§ What the exercise asks:
Please give back only the lines below from the one containing "Speciální složení materiálu" to the one containing "(a) Key map;", each repeated word for word, both ends included.

§ Data supplied:
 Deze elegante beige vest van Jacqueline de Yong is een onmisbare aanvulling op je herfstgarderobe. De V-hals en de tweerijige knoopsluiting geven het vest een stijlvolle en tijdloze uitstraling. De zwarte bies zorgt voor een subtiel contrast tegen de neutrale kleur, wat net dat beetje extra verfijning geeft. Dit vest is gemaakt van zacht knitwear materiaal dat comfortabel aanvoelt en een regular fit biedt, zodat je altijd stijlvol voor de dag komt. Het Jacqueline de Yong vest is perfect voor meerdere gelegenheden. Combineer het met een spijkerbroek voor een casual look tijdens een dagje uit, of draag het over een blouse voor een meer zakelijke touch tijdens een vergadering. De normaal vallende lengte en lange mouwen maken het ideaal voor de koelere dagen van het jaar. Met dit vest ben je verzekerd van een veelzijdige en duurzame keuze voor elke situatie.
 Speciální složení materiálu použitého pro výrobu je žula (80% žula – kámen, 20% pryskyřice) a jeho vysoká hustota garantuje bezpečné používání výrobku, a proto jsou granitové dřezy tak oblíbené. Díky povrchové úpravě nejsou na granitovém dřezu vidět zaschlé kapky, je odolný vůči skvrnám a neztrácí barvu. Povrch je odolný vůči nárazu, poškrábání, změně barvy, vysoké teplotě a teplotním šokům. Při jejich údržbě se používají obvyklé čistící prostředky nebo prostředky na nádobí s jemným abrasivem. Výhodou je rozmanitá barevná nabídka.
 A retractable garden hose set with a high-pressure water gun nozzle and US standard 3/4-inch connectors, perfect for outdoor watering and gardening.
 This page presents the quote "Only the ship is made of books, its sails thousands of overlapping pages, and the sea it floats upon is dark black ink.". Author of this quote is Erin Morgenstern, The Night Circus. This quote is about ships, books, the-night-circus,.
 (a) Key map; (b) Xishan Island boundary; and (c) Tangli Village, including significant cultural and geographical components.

---

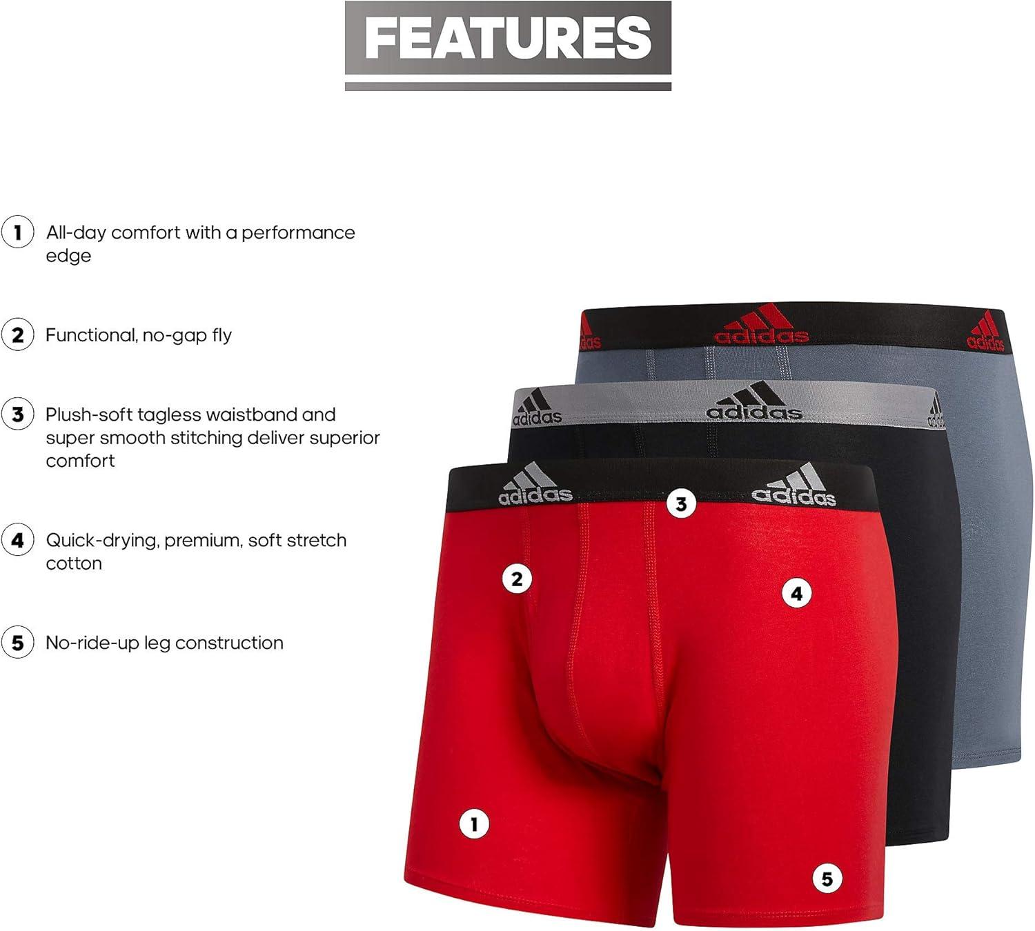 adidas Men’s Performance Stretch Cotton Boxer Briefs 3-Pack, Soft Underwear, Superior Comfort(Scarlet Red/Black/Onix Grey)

==

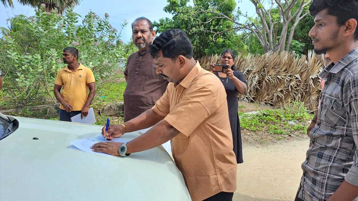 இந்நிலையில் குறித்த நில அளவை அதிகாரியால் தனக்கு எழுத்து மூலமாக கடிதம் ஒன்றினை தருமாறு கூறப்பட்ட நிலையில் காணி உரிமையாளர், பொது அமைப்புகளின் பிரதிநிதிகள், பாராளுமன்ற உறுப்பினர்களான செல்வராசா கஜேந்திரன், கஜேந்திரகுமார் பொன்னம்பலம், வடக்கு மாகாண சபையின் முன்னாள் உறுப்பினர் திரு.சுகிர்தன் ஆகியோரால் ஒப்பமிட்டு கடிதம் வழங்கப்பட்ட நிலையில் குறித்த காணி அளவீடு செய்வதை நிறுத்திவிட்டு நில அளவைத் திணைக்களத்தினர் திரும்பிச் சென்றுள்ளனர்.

§ Answer section:
 Speciální složení materiálu použitého pro výrobu je žula (80% žula – kámen, 20% pryskyřice) a jeho vysoká hustota garantuje bezpečné používání výrobku, a proto jsou granitové dřezy tak oblíbené. Díky povrchové úpravě nejsou na granitovém dřezu vidět zaschlé kapky, je odolný vůči skvrnám a neztrácí barvu. Povrch je odolný vůči nárazu, poškrábání, změně barvy, vysoké teplotě a teplotním šokům. Při jejich údržbě se používají obvyklé čistící prostředky nebo prostředky na nádobí s jemným abrasivem. Výhodou je rozmanitá barevná nabídka.
 A retractable garden hose set with a high-pressure water gun nozzle and US standard 3/4-inch connectors, perfect for outdoor watering and gardening.
 This page presents the quote "Only the ship is made of books, its sails thousands of overlapping pages, and the sea it floats upon is dark black ink.". Author of this quote is Erin Morgenstern, The Night Circus. This quote is about ships, books, the-night-circus,.
 (a) Key map; (b) Xishan Island boundary; and (c) Tangli Village, including significant cultural and geographical components.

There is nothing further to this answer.